A shy, gentle soul with a vast intellect and a dry wit, Larry was a devoted husband, family guy and a one-man Ellis Island.
Born on his family’s 100-acre homestead June 19, 1926, in Addy, WA, Larry literally walked uphill both ways in the snow, carrying a metal pail of food, to a one-room schoolhouse.
After serving his country in the Navy with other patriots of the Greatest Generation in World War II, he and his father, Edward Leaf, ran the Addy Garage.
Larry went to college on the GI bill, beginning in engineering, ending instead with math and science degrees, which would take him to four continents to teach thousands of students in the DOD system.
After meeting a fellow world traveler in Germany, he married Faith, a gregarious Japanese-American from Hawai’i, who would be his wife of 40 years.
In 1974 they returned to Larry’s hometown to adopt and raise two Korean daughters, Grace and Anne.
He continued his teaching career in Chewelah until his retirement in the early ‘90s.
Career highlights include teaching geology in Iceland, science and math in Ethiopia and computer science in Chewelah just as the age of the personal computer was dawning.
Wanting to be closer to grand kids, he and Faith moved to North Spokane where he could also connect with fellow intellectuals at Whitworth, attending a variety of lectures throughout the city, occasionally giving one himself.
A hopeless audiophile, his music collection ranged from Swiss yodelers to Brahms to Abba.
Larry was a competitive Trivial Pursuit player, one time forcing his family to sit astounded as he answered 23 questions in a row, until he was finally derailed by the dreaded sports question.
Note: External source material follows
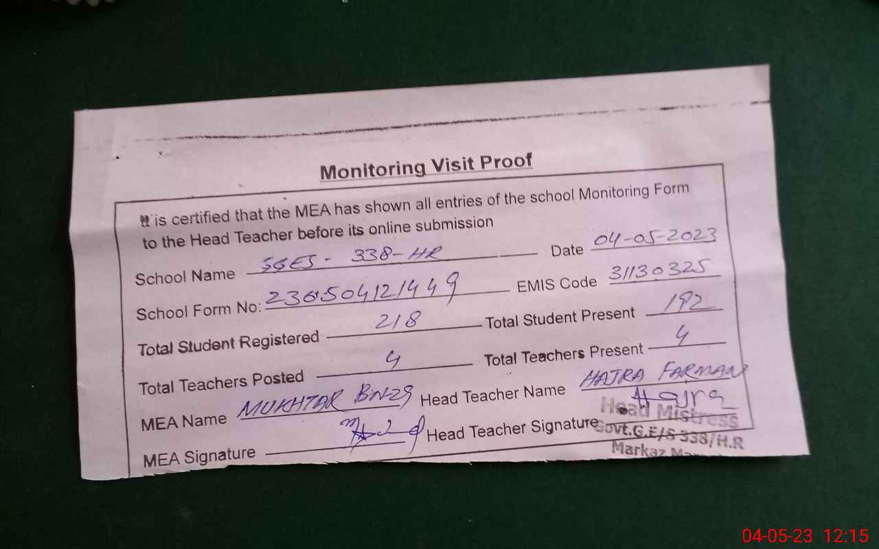 | EMIS Code: 31130325 | Name of School: GGES CHAK NO 338 HR | |||
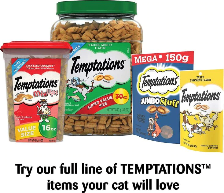 - Temptations are crafted with vitamins and taurine—an amino acid that helps support your cat’s overall health and well-being.

He was a fierce Scrabble champ and a bowler.
He was dubbed the family “rock star” because of his enormous rock collection, accumulated from his years of hiking the globe.
His kids never knew that a garage was for parking cars, always assuming that’s where you kept boxes of rocks.
He thrilled family and friends alike when he polished and set pieces of his collection into one-of-a-kind pendants, rings or pins.
Until his recent fall, he taught students English at the Country Homes Christian Church Language School.
He was a safe harbor for newly transplanted refugees, immigrants and expats who needed to improve their English skills to make their way in their adopted homeland.
Larry is survived by his wife, his daughters, their husbands, brother Les, sister Barb (Leaf) Hanley, four grandkids, nieces, nephews and a community touched by his generosity of service and quiet compassion.
A memorial honoring this servant leader will be held Monday, January 14, 2 pm, at Country Homes Christian Church.
In lieu of flowers, donations may be made to the Country Homes Christian Church Language School.